Data supplied
• • • • • • •
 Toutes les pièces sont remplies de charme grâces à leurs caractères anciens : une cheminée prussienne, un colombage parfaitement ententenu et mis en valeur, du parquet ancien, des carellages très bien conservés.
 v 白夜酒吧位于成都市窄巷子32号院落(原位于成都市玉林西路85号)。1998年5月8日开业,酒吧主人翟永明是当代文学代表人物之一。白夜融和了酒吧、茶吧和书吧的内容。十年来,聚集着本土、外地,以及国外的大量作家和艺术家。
• • • • • • •
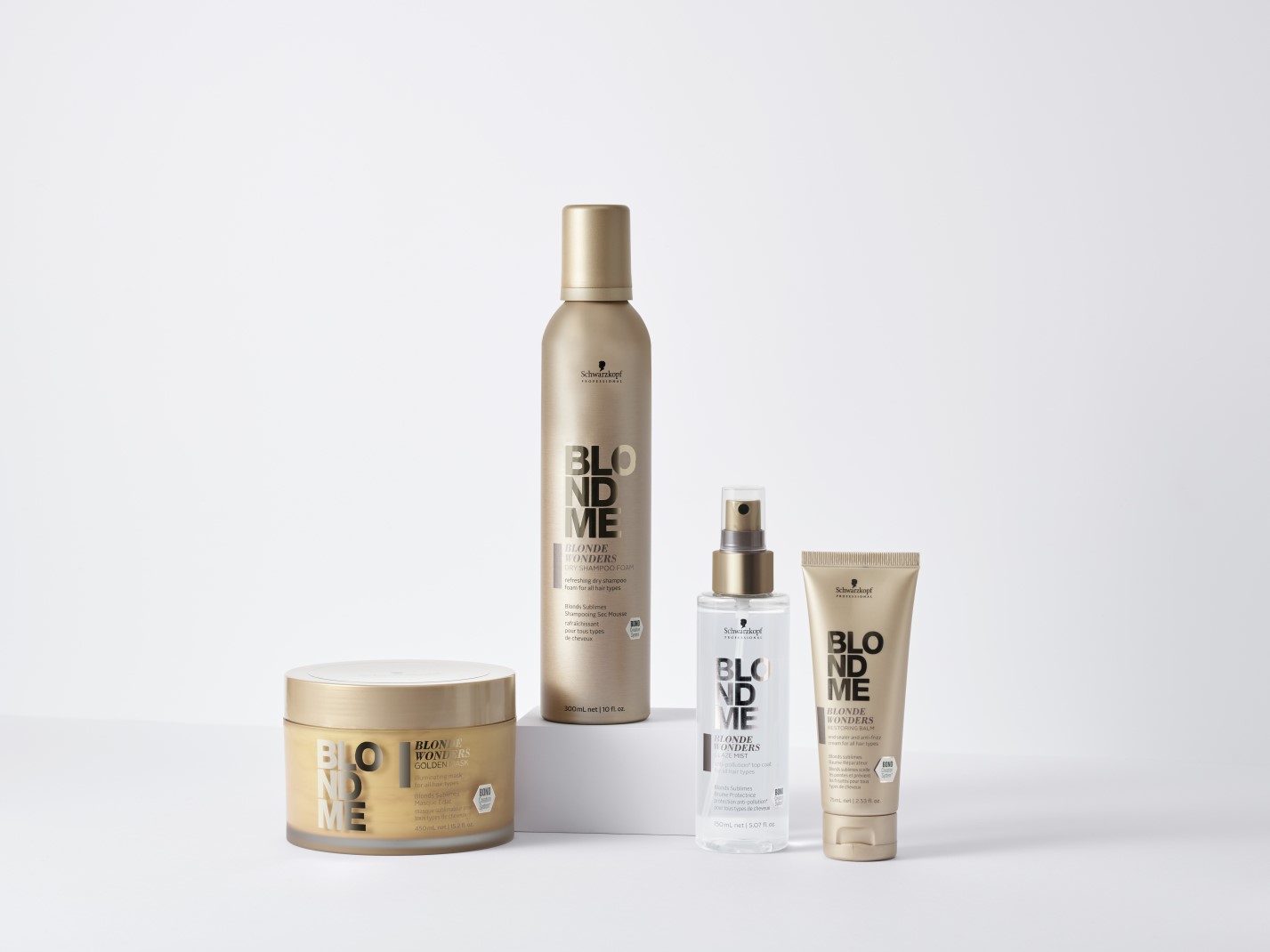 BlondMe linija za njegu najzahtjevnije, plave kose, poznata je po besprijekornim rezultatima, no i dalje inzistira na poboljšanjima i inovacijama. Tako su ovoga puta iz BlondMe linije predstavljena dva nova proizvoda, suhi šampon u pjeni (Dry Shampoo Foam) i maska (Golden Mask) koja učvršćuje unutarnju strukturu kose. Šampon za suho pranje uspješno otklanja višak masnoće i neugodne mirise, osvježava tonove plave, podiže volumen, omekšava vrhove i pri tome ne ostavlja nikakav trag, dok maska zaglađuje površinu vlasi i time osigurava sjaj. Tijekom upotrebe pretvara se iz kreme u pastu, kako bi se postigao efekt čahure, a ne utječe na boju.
• • • • • • •
How to complete this task
As the answer, set down only the lines from the data above between the one holding "Toutes les pièces" and the one holding "v 白夜酒吧位于成都市窄巷子", inclusive, exactly as they read.

Solution
 Toutes les pièces sont remplies de charme grâces à leurs caractères anciens : une cheminée prussienne, un colombage parfaitement ententenu et mis en valeur, du parquet ancien, des carellages très bien conservés.
 v 白夜酒吧位于成都市窄巷子32号院落(原位于成都市玉林西路85号)。1998年5月8日开业,酒吧主人翟永明是当代文学代表人物之一。白夜融和了酒吧、茶吧和书吧的内容。十年来,聚集着本土、外地,以及国外的大量作家和艺术家。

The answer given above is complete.